Speaking on condition of anonymity, two doctors at the hospital said 11 doctors had tested positive for the virus this week. One of the doctors, who works in critical care, said they had more than 60 medical professionals test positive since the start of the virus in SA.

We have two patients who came in here without the virus and they are now positive for Covid - they got it here.

A second doctor said he had become uncomfortable with the number people coming into the hospital daily.

“Come and see the queue into the hospital every morning. These people get screened when they come in, but meanwhile they stand on top of each other in the queue, no social distancing.

“We have two patients who came in here without the virus and they are now positive for Covid – they got it here.”

Sama’s solution was a dedicated Covid hospital, proposed by the Universal Healthcare Foundation, to pick up the spill-over from Gauteng hospitals.

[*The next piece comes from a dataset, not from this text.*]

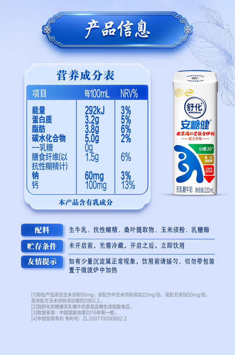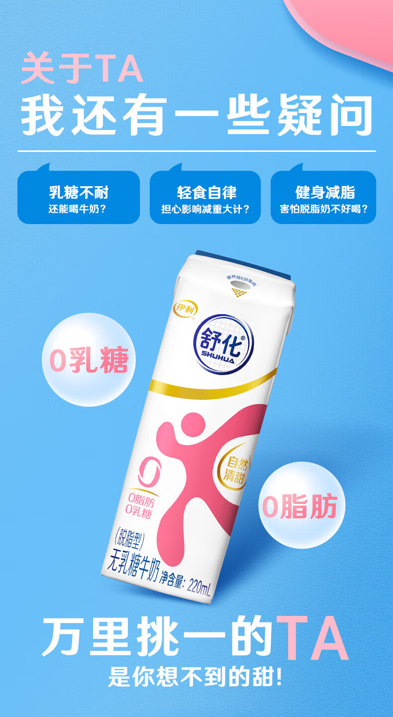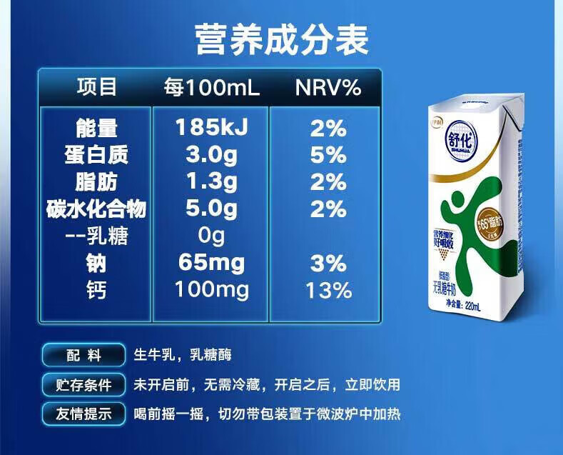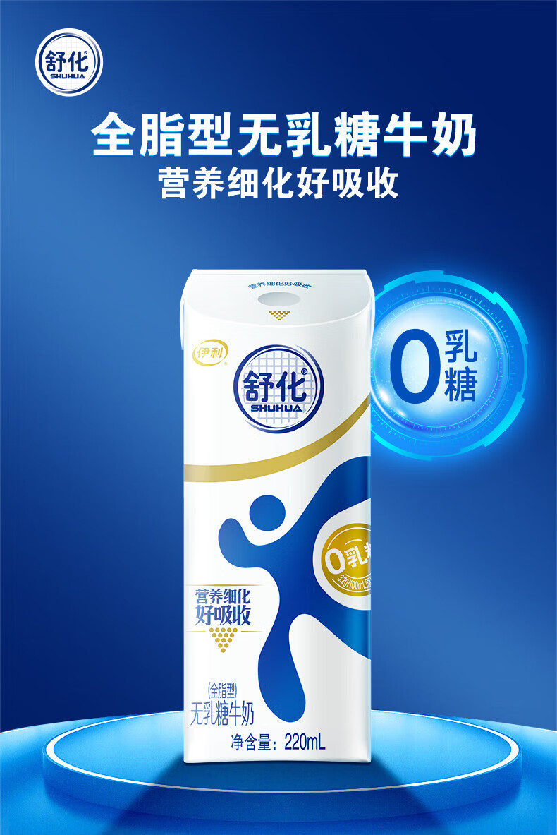伊利舒化无乳糖牛奶系列零乳糖 营养细化 多种规格可选 年货礼盒 【高钙】舒化0乳糖牛奶220ml*24盒/箱

The association had already earmarked the Gallagher Convention Centre in Midrand as the best choice for this hospital.

Sama sent a proposal to the Gauteng and national health departments to establish the Covid-19 Cecilia Makiwane-Gallagher Critical Care Hospital, and is awaiting a response to begin work on it.

The problem, Coetzee said, was that it would take four weeks to build and with the rate of infection the hospitals didn’t have the time.

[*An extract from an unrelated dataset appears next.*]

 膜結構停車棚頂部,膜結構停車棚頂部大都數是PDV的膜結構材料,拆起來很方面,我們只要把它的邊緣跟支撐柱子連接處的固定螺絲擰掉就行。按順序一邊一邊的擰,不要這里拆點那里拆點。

According to the proposal information, sourced by the Universal Group Actuary and the Actuarial Society of SA, SA needs more than 7,000 additional critical beds, with a combination of oxygen, non-invasive ventilators and invasive ventilators.

And should SA follow European and US (New York) trends, we could have 10 patients fighting for every critical care bed in future.

Said Coetzee: “We’ve had three and a half months to get this right, and we were busy celebrating low case numbers compared to the Western Cape while forgetting basic microbiology again: that Gauteng’s ‘flu season’ is two weeks or more later than the Western Cape’s.

“Gauteng still does not have a provincial dashboard of available ICU beds to have a picture of where capacity lies. I know it was discussed this past weekend and is to be implemented going forward, but if we claim we were planning and preparing, why didn’t we just set this up?”

• The national health department had not responded to questions at the time of publication.